Flores was recently accepted into six neuroscience doctoral programs and will start this Fall at the University of California, San Francisco. For the support he needed to get into graduate school, Flores credits his mentors at NYU, Mount Sinai and Columbia. He also points to his CAN experience and the organization Científico Latino for providing advice, know-how and camaraderie in ways that make the STEM environment feel more inclusive and equitable.

Nora Wolf is another CAN alum. A former undergraduate at Queens College in New York, she’s now in her first year of a psychology graduate program at the University of California, Davis. One of the most valuable features of the CAN program was the practice interview, she recalled. 

“The encouraging feedback I received made me feel better about my chances of getting into graduate school and helped me identify what I needed to work on,” she said. “I also gained access to mentors whom I could reach out to for advice later as I was applying to grad school. The whole experience reassured me that I was on the right track, and that this path really was an option for me. It boosted my confidence and helped me build a support network, making it an incredibly helpful experience.” 

Wolf also noted a striking symmetry at UC with its Neuroscience Initiative to Enhance Diversity, a program dating back almost a decade. As an undergraduate, Palacios had participated in the initiative and that experience helped inspire her proposal for CAN in 2020.  

Dr. Das, who has mentored many CAN participants before, during and after their time in the program, is grateful for the financial and administrative support from the Department of Neuroscience, the Neurobiology and Behavior program and the Zuckerman Institute.

Amanda Anqueira-González, a graduate of the University of Puerto Rico and currently a graduate student in the Neurobiology and Behavior program, took over as a student leader for CAN when Palacios stepped down in 2022. At the same time, the staff of the Neurobiology and Behavior program have started handling the bulk of CAN’s routine administration.
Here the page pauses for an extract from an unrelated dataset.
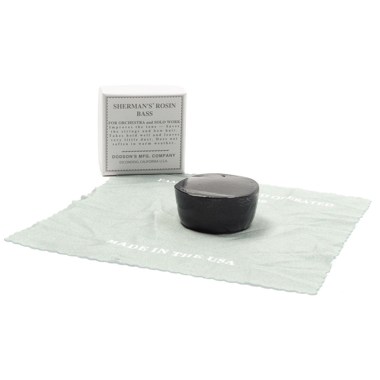 Sherman's Bass rosin is a good student grade rosin which is made in the USA. Formerly in a wood block, this is now a circular cake of rosin in a fabric cloth.
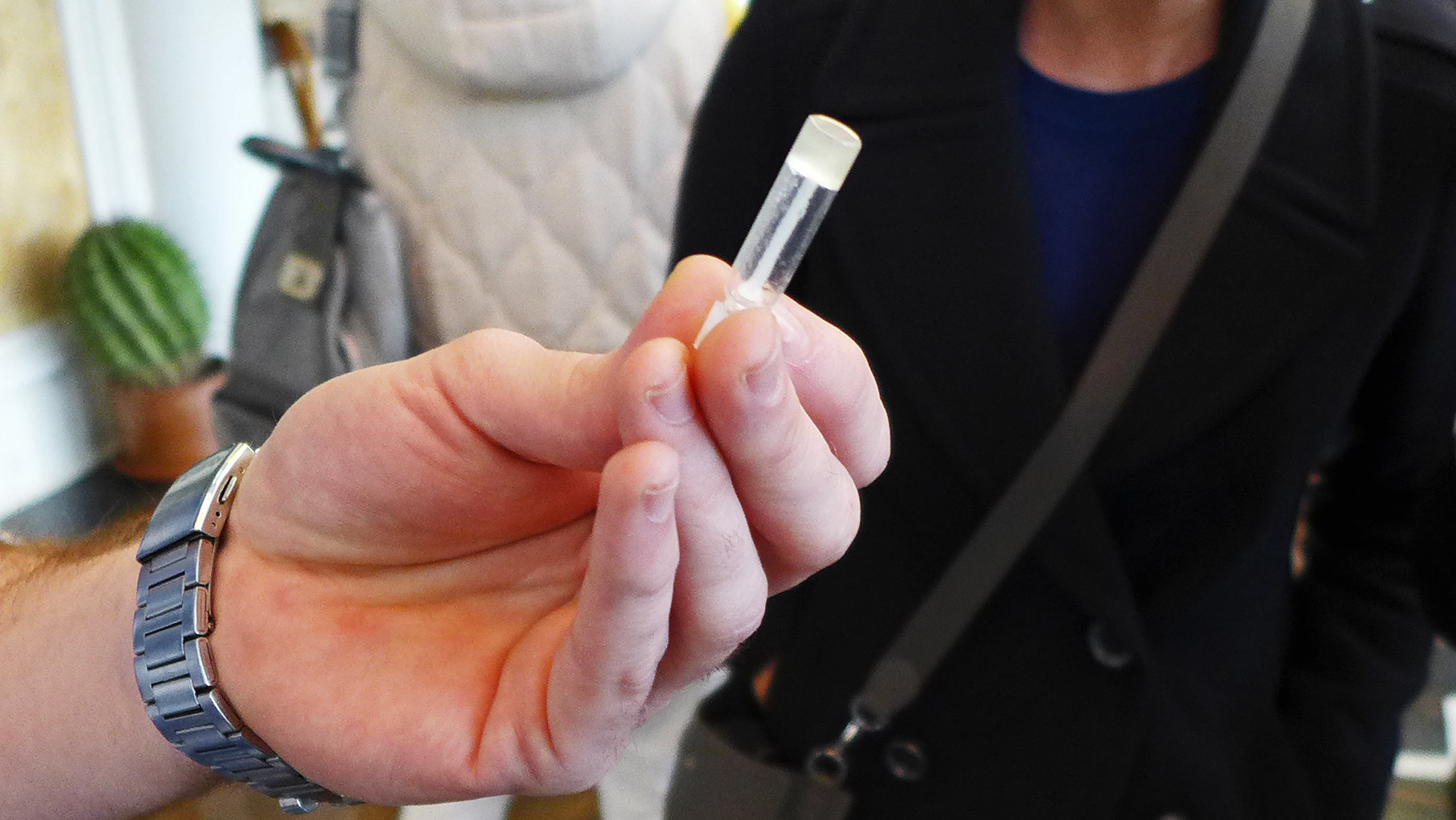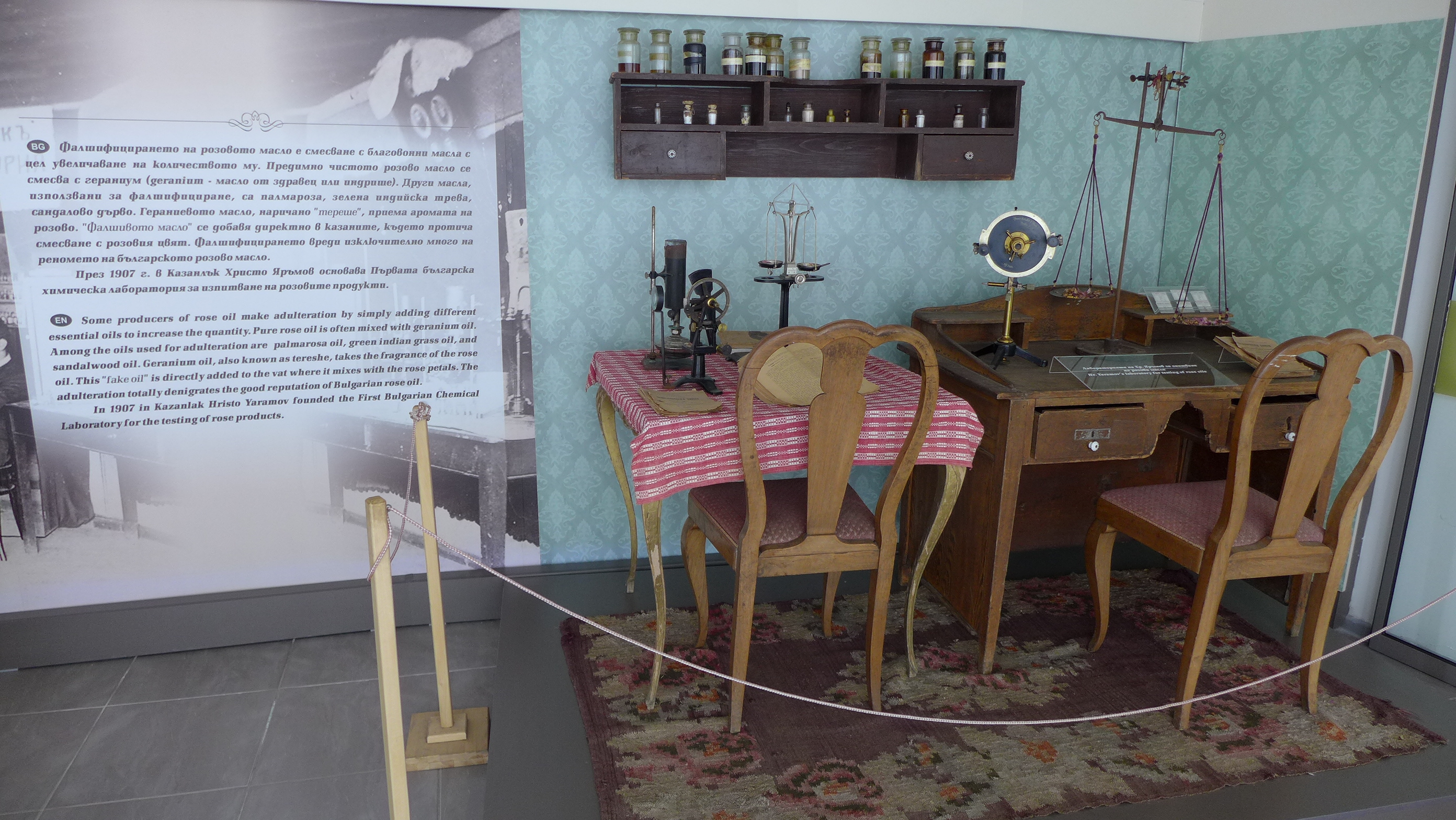 We were shown a “crystal” of pure rose oil, which is formed by cooling the oil to below 18 degrees Celsius (~64 degrees Fahrenheit). This can be used as a simple test of rose oil purity—if it does not congeal at this temperature, it is most likely adulterated.

"We would like to move CAN from something that has been completely student initiated and driven to something that will have a momentum and infrastructure of its own," said Dr. Das.
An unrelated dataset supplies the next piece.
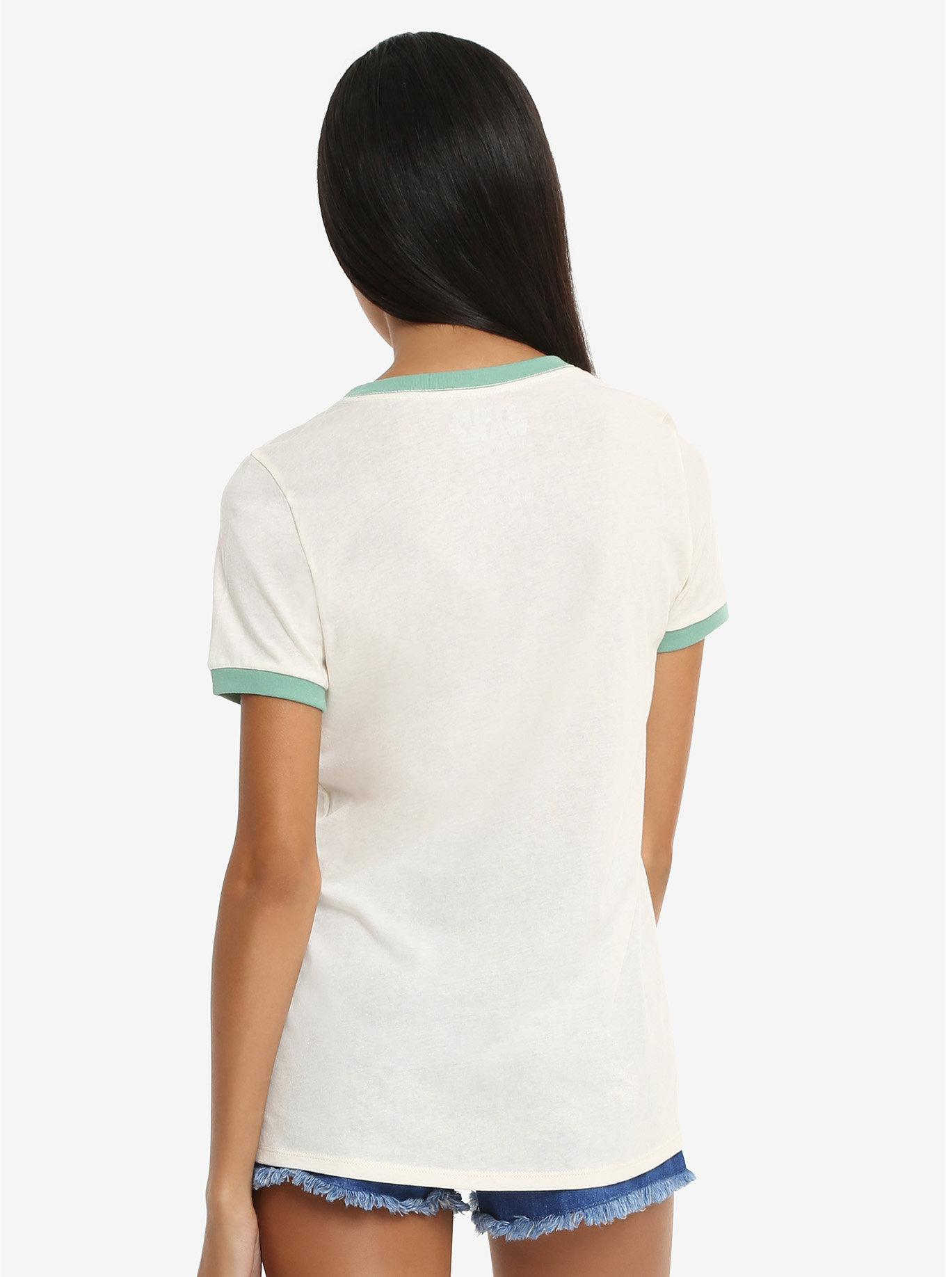 This cream colored ringer tee is worth celebrating, so start singing! This super soft ringer has olive green detailing and features an Ewok line drawing over the words ‘nub nub’.
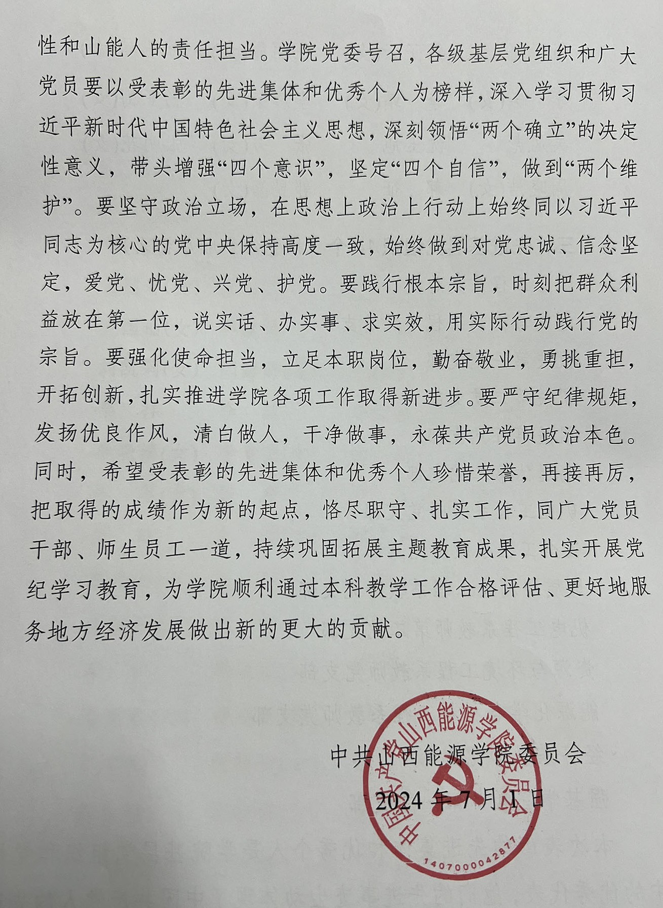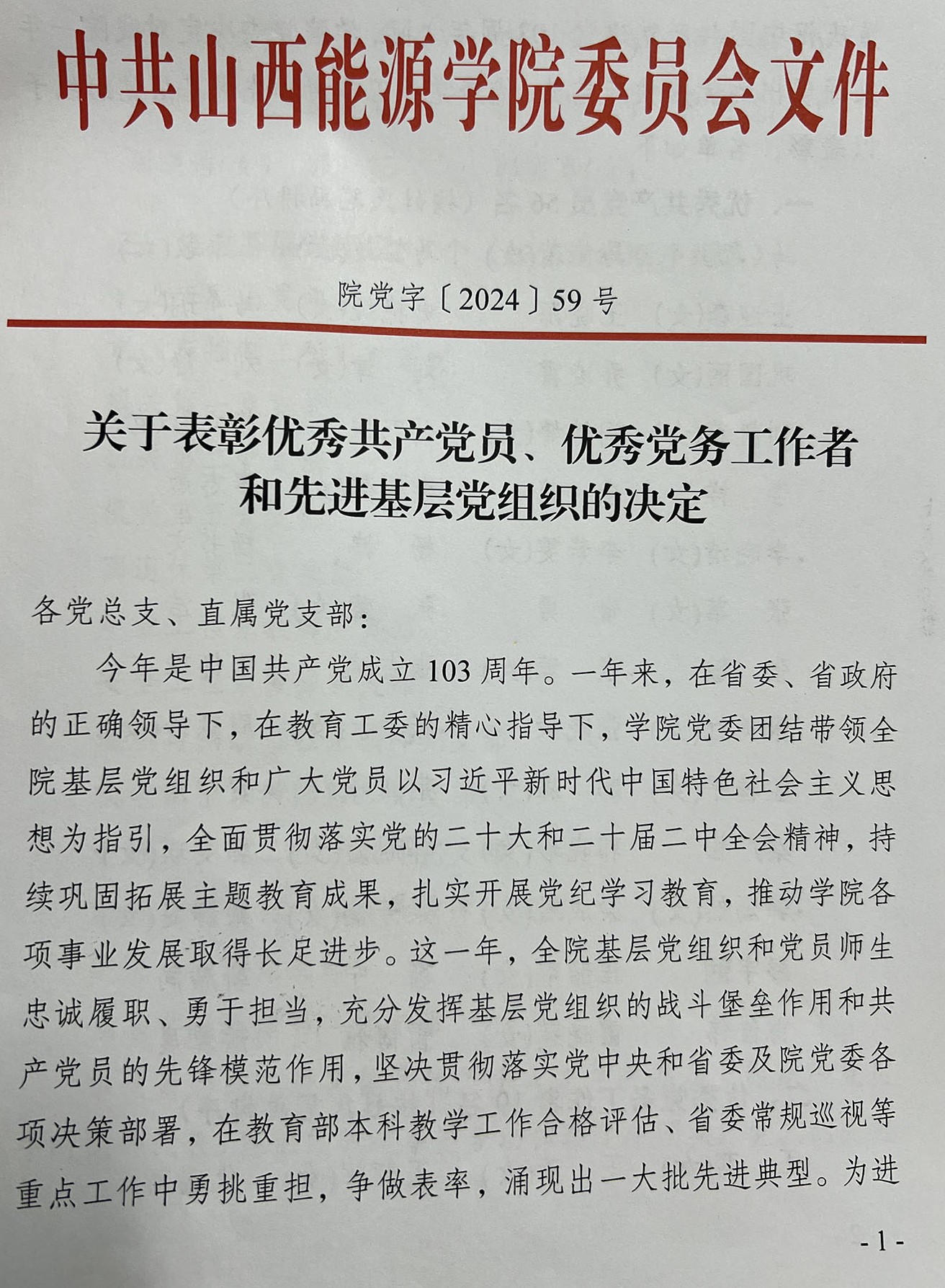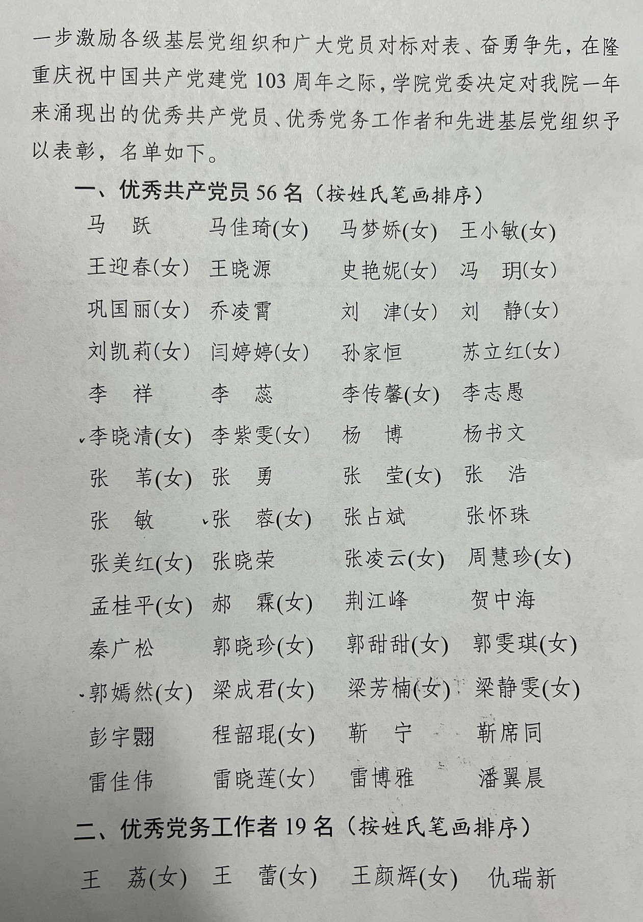 学院党委“七一”表彰名单公布

In addition to CAN, a complementary program is just getting off the ground. Like CAN, the Columbia Access to Doctoral REadiness (CADRE) program focuses on helping students from underrepresented groups prepare for neuroscience graduate programs. A collaboration between Columbia's Department of Neuroscience, Doctoral Program in Neurobiology and Behavior and the Zuckerman Institute, CADRE is funded by a research education grant through the National Institute of Neurological Disorders and Stroke.

Whereas CAN caters primarily to undergraduates, CADRE’s signature feature is a fully paid, two-year, post-baccalaureate research program initiated by the Neurobiology and Behavior program. The CADRE program, funded with a research education grant through the National Institute of Neurological Disorders and Stroke, is designed for those who have recently finished their undergraduate degree but have yet to experience mentored laboratory research, a de facto prerequisite for many graduate programs. CADRE’s first four students began their new research adventures with a welcome breakfast on June 1 at the Zuckerman Institute.

“There is also some overlap in the people running the two programs,” said Dr. Das. “Me, for example.” The programs share common goals, too. “We are actively fostering a more inclusive, egalitarian and welcoming culture in science,” said Dr. Das.